30/6/08

El tesoro


Con seis años recién cumplidos aún no sabía leer pero cogía libros de su madre e, imitándola, simulaba que los leía. Inventaba historias de piratas y de duendes que llegaban volando. Imaginaba un circo lleno de elefantes gigantes y fieros leones que eran dominados por un domador que, por una casualidad, se llamaba Pedro, como él. Su madre reía cuando le veía coger un libro, cuanto más grande mejor porque a Pedrito le encantaban los libros pesados y de muchas páginas, y con solemnidad pasaba las hojas “leyendo” una historia que su precoz imaginación le dictaba en su interior.

Vivía en una casa junto a la playa, de modo que los castillos de arena eran una especialidad hábilmente desarrollada. Le gustaba crearlos con muchas almenas, con puentes y ríos que pasaban por debajo de ellos, con montañas desde las que imaginaba que llegaban malvados ogros. Cada día, batallaba con la marea creciente intentando formar una muralla lo suficientemente alta con sus manitas para ver, al final, que las olas vencían-como cada día- y chapotear en las piscina que se formaba en el hoyo que había hecho.

Aquella tarde, cuando ya su castillo había sido devorado por la marea, jugaba a lanzar piedritas lo más lejos posible. Fue entonces cuando vio la botella. Llegaba flotando y pasaron unos minutos hasta que las olas, pequeñas pero tenaces, la depositaron finalmente sobre la arena. Había un papel dentro. La desbocada imaginación de Pedro le susurró que aquello era un mensaje de los piratas que habitaban en las islas Mauleón. Conocía ese nombre de haberlo visto en una película de dibujos animados a la que, no hacía mucho, había ido con su madre. Era una peli de piratas malos, muy malos. Y en ella lanzaban una botella con instrucciones para que sus compinches encontraran un gran tesoro. Pedro estaba seguro de que era la misma. La abrió y no vio mensaje alguno dentro de ella pero la botella tenía pegado un papel escrito con dibujos y letras. El mensaje, esta vez, no estaba dentro sino fuera. Así de ingeniosos son, a veces, los piratas.
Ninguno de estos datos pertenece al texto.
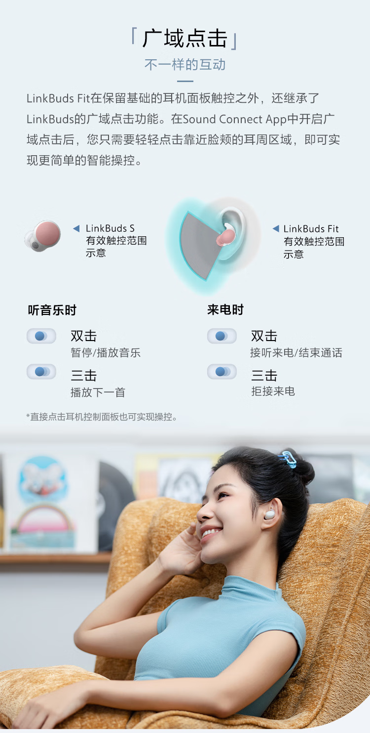 索尼(SONY)LinkBuds Fit Hi-Res舒适降噪真无线耳机 索尼WF-LS910N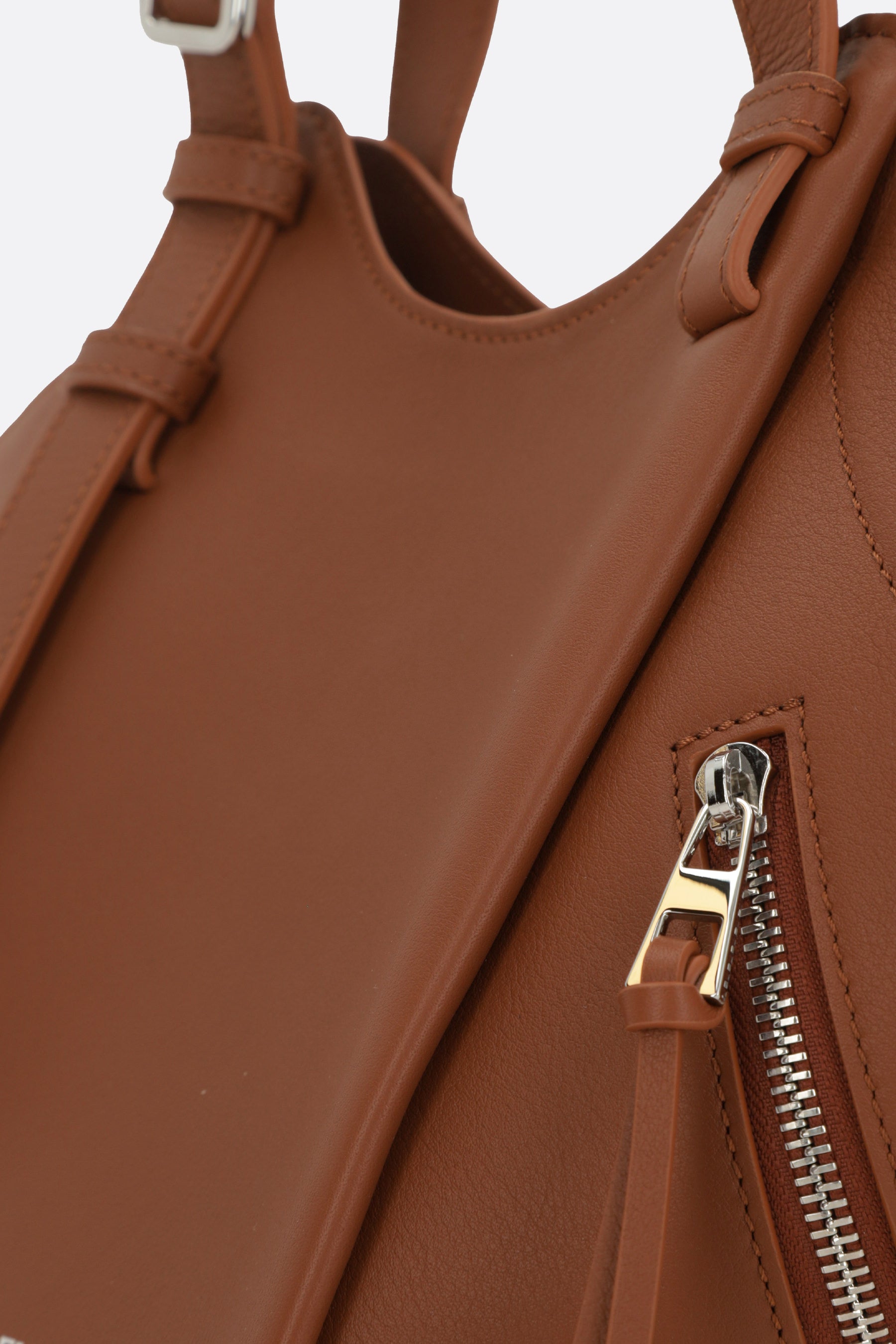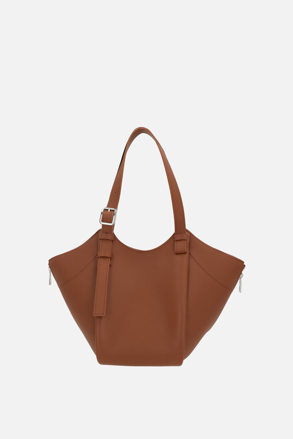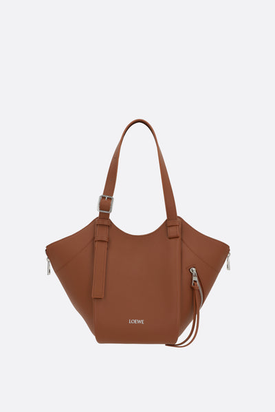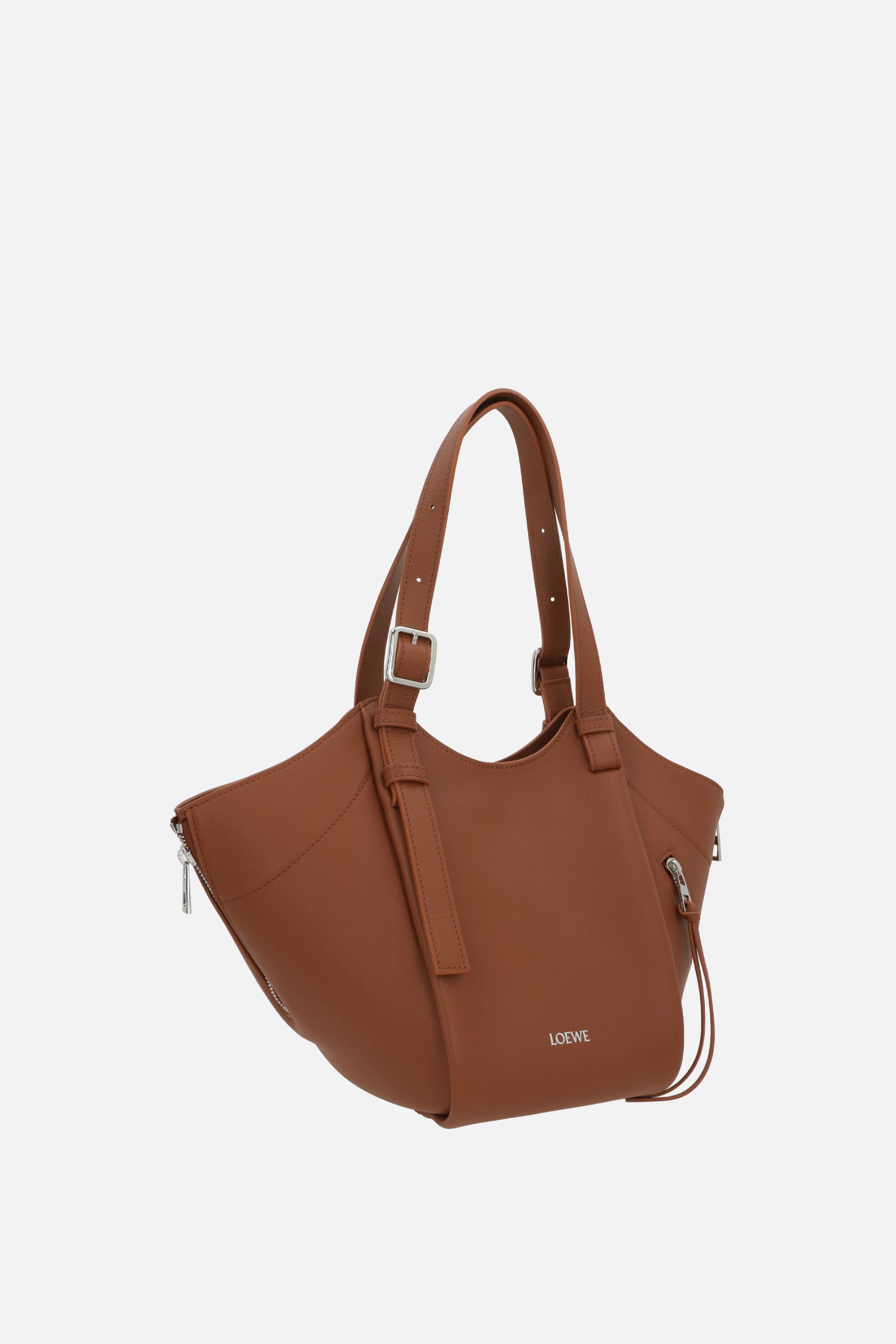 Borsa a mano di Loewe realizzata in pelle liscia color cuoio con logo lettering impresso frontalmente. Caratterizzata da metalleria color argento, chiusura interna con bottone magnetico, manici regolabili e spallaccio regolabile / removibile. L'interno foderato in tela tono su tono a motivo spigato è dotato di due tasche piatte. Completano il design le due zip laterali e la tasca con zip.

Cogió la botella y corrió a su casa, anunciando a plena voz que había encontrado el mensaje de los piratas para hallar el tesoro. Uno auténtico. Un gran tesoro.

Su madre le reprendió por traerla. Se podía haber cortado con el cristal si se hubiera roto aquella botella, con una etiqueta en la que estaba escrito “Aceite Valerio, un tesoro para su paladar”.